September 1st. Riding the train back to London, passing, on the train tracks, the buddleia, buddleia and more buddleia. Saturday morning; fellows on their way to football matches filled the carriages. I wished I could have stayed in Essex and drawn the event out for days, touching more deeply and then fleetingly the feeling of being with all of those who, James Hitchmough so pointedly told us, were in “the cult”. On this very train must be others feeling the same. Catching the underground to South Kensington, a full carriage on a Saturday midday, I notice two people, clinging to posts as I was, with luggage and a Beth Chatto Gardens shopping bag with grass foliage and flowers sticking out the top. Maybe not such a random thing but they too having just left Colchester on their way home to Liverpool and the Botanic Garden there where they work. They said a woman from Argentina, who also was attending the symposium, was on their train from Colchester which was the one following mine; a veritable vascular system of green folk. The camaraderie and connections like rhizomes; rings of water.

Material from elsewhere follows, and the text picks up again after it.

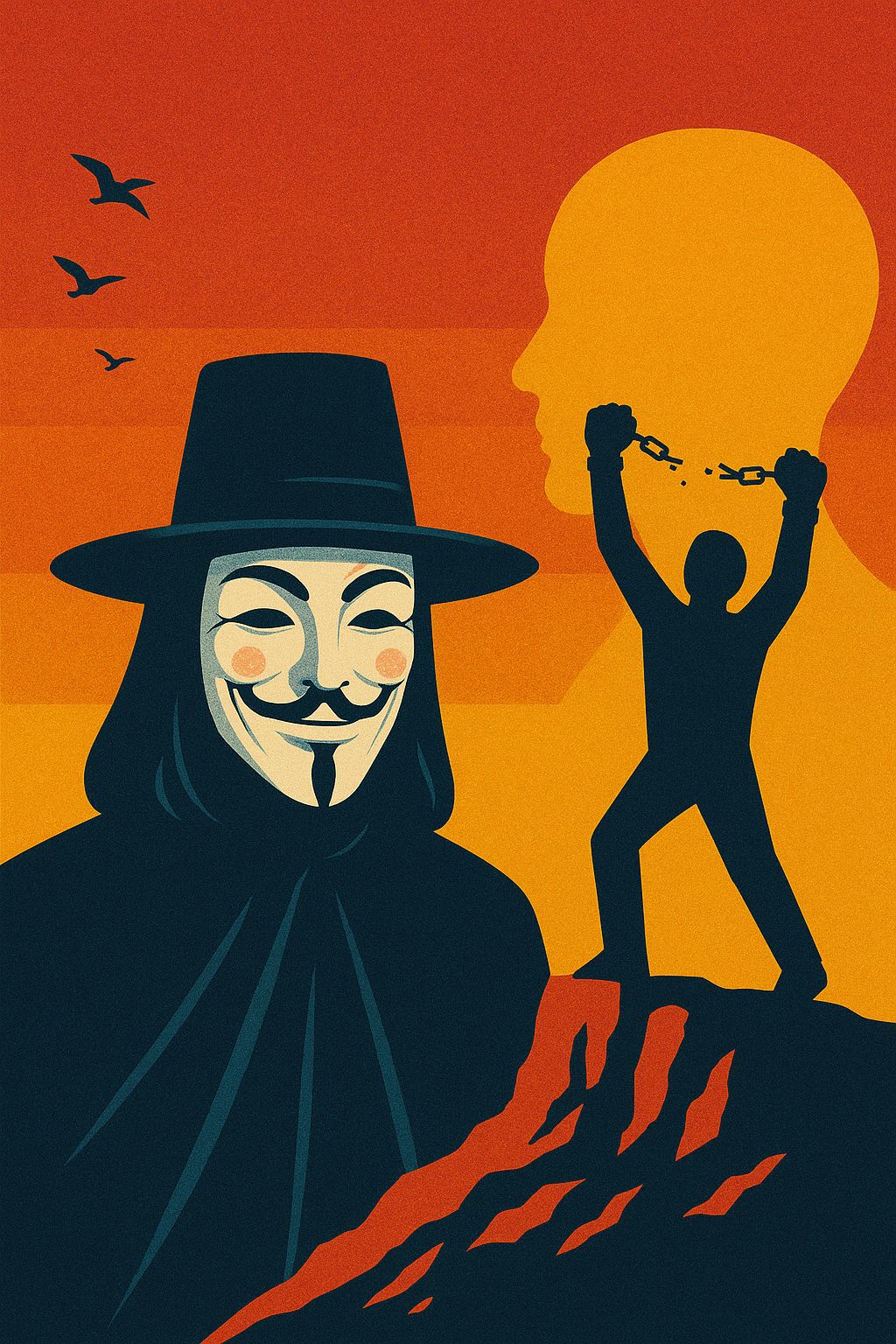 V for Vendetta sadece bir film değil; insanın kendi iç otoritesine karşı verdiği sessiz bir savaşın hikâyesidir. Otoriteye başkaldırmak, aslında kendine sadık kalmaktır. Guy Fawkes maskesi, bu sadakatin sembolüdür. Korkunun yerini cesaretin aldığı, itaatin yerini farkındalığın aldığı o ince çizgide adeta bir kutup yıldızı gibi parlar.

Intended to visit the gardens of the Olympic Park and The Barbican that day but I decided to go wander around instead; buy a pair of shoes I’ve wanted for 36 years. A mistake I think, (not the shoes) but finding a bit of space from the throng was eventually what I found in, of all places, Hyde Park. I hadn’t spent time in the park over the years aside from walking through to get somewhere else. To find a quiet bench or massive tree trunk to sit on or against was just what I needed. The earth under me and a big plant for companionship.
What will I do with this enormous pull I feel from this green land? The pull I feel from the golden state of California? The soft blue-green tawny one of this group of islands I live in and am fairly, though less vigorously than I once was, rooted? How important is feeling, being, close to a community of plant-minded people that I have just been in? How loud is the voice to say yes to that and go? Where?
The T’s urge me, again, to come be in Knightley. I am one of them they say. The hedgerows, oak trees and soft rounded hills do too. The density, oddly, of people on the land deeply, for centuries, is compelling and drawing. I feel at home. I am offered marriage as a way to circumvent the immigration problem. It is not completely ridiculous. I do love them after all.
I am invigorated and encouraged by the lack of pessimism about gardening during my stay in the UK. It is a counterpoint to much of my current gardening life: not what is possible and exciting but what is ailing or insurmountable. No mention here of drought in the negative, just that it is; no mention of pests, diseases, four-legged grazers, without optimism about a solution or awareness and humor about our place in things and how unreasonable we often are; no tone of drudgery or chore only the joyful pursuit of living with plants in a dynamic and experimental, and possibly, healing way. Hundreds of people in one place experiencing gardening in this way. I would like to have more of that in my life and less of the other. I know I am being reactive and a little unreasonable but being here in a deep and ancient culture of gardening, that values gardeners, and with those who love gardening so much and do it for the love of it and what it can offer to many and other lives; truly living that because it is what is nourishing to the earth, to other creatures and themselves, is very appealing. Being in the presence others who find piles of branches and stacks of cut logs left to rot, instead of burnt, in the company of masses of plants, an utterly normal and natural thing to do is like a breath of fresh air; and not having to explain how I think or feel.